Interpreting results

Scores are per-axis means in [0, 1] (partial credit on the hard/stretch tiers). Browse full transcripts with inspect view, and render a comparison table across runs with:

python -m agentsec.cli report ./logs   # axis x harness x model x difficulty x score

Compare models by fixing the harness and varying --model; compare harnesses by fixing --model and varying the bridged harness (see the differentiator section). For a stable mean on stochastic challenges, use --epochs N.

Contributing

New challenges need no code — drop a directory under challenges/<axis>/<name>/ with a challenge.json (+ compose.yaml and assets) and it's picked up automatically.
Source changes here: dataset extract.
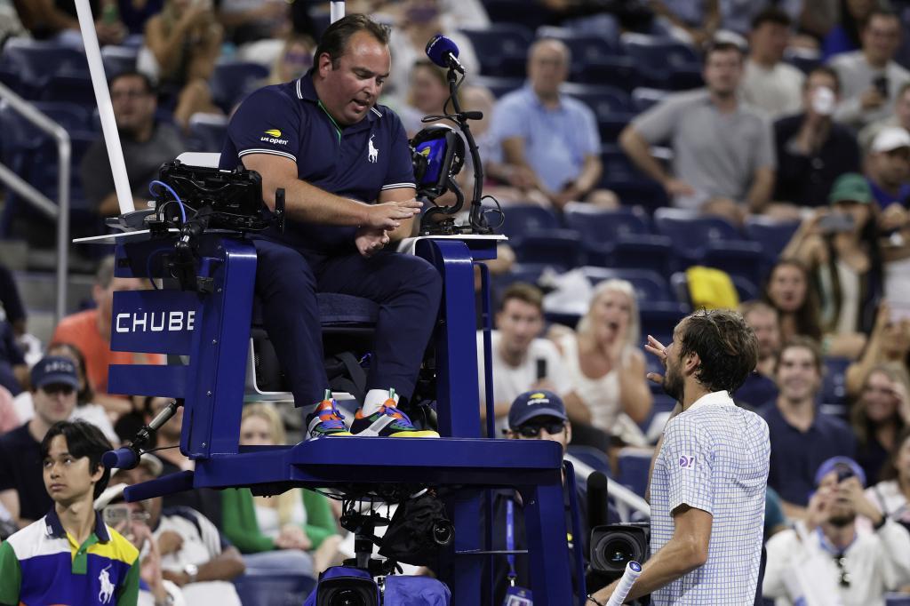 梅德维德夫向裁判表达不满。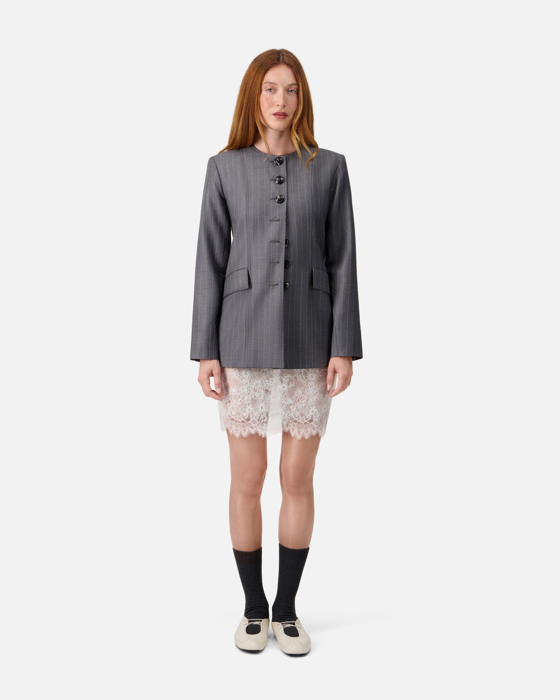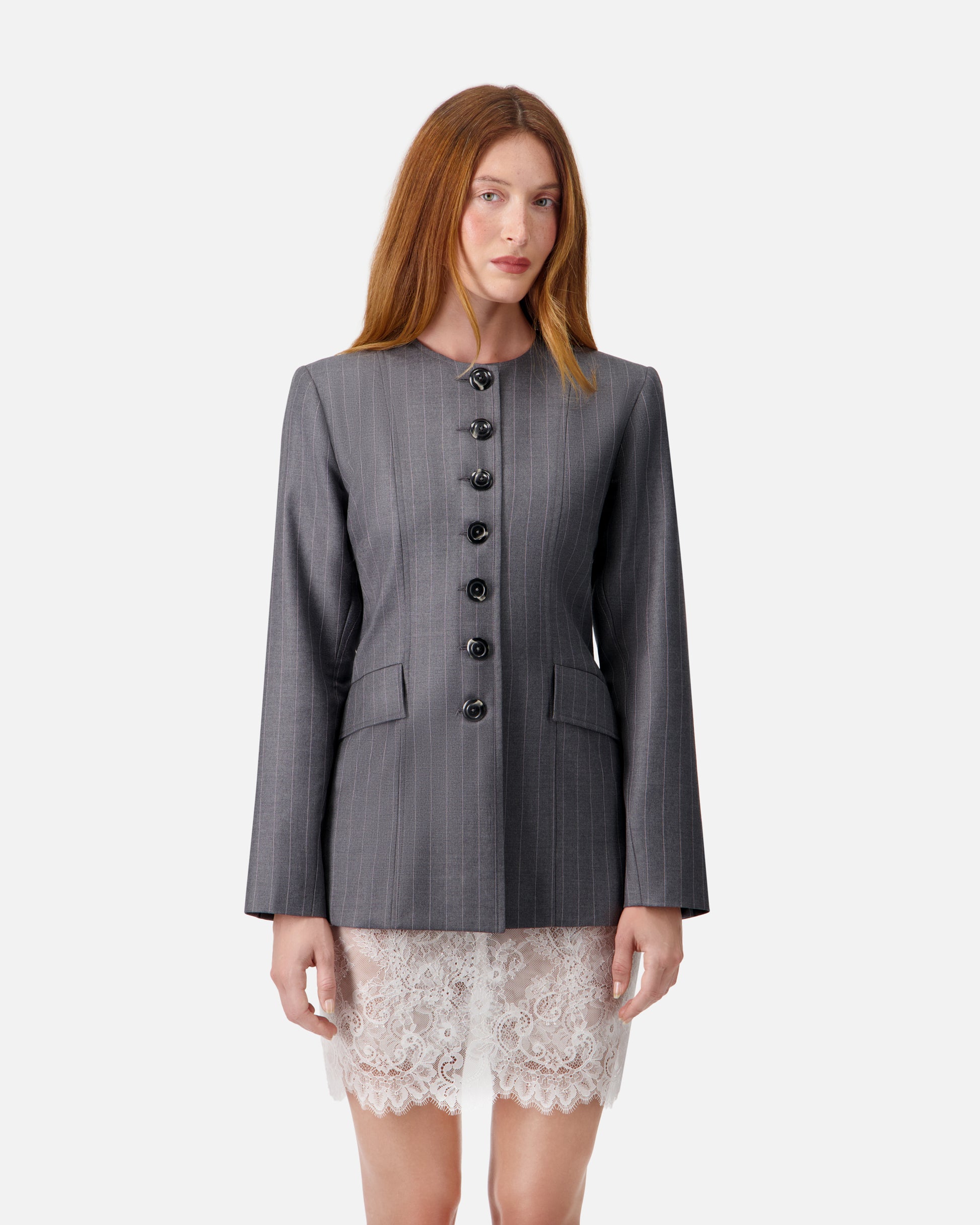 A tailored jacket in Italian  wool with a subtle pinstripe pattern.

See CHALLENGES.md for the schema, the subtask/partial-credit format, and the no-egress rules. Run pytest -q and ruff check src tests before opening a PR. Contributions of harder challenges (especially stretch-tier) and additional harness definitions are welcome.

Safety & responsible use

  • All offensive and harness_safety challenges are self-contained, intentionally-vulnerable, network-isolated sandbox targets — internal: true networks with no host or internet egress, enforced by tests/test_no_egress.py.
  • sandbox_type=local executes agent-generated commands on your machine; it is gated to the benign coding axes and intended only for pipeline smoke-testing. Use Docker for real runs.
  • AgentSec-Bench is intended for authorized evaluation of AI agents' security capabilities and safety — measuring and improving model/harness behavior. It is not a tool for attacking systems you don't own. Use it accordingly.

Acknowledgements

Built on Inspect AI by the UK AI Safety Institute. The offensive axis and challenge layout are inspired by Cybench and the inspect_evals cyber suite.

Citation

@software{agentsec_bench,
  title  = {AgentSec-Bench: A Security Benchmark for LLM Agents and Harnesses},
  author = {Santhosraj},
  year   = {2026},
  url    = {https://github.com/Santhosraj/AgentSec-Bench}
}

License

MIT © 2026 Santhosraj. AgentSec-Bench is provided for research and authorized security evaluation; you are responsible for using it lawfully.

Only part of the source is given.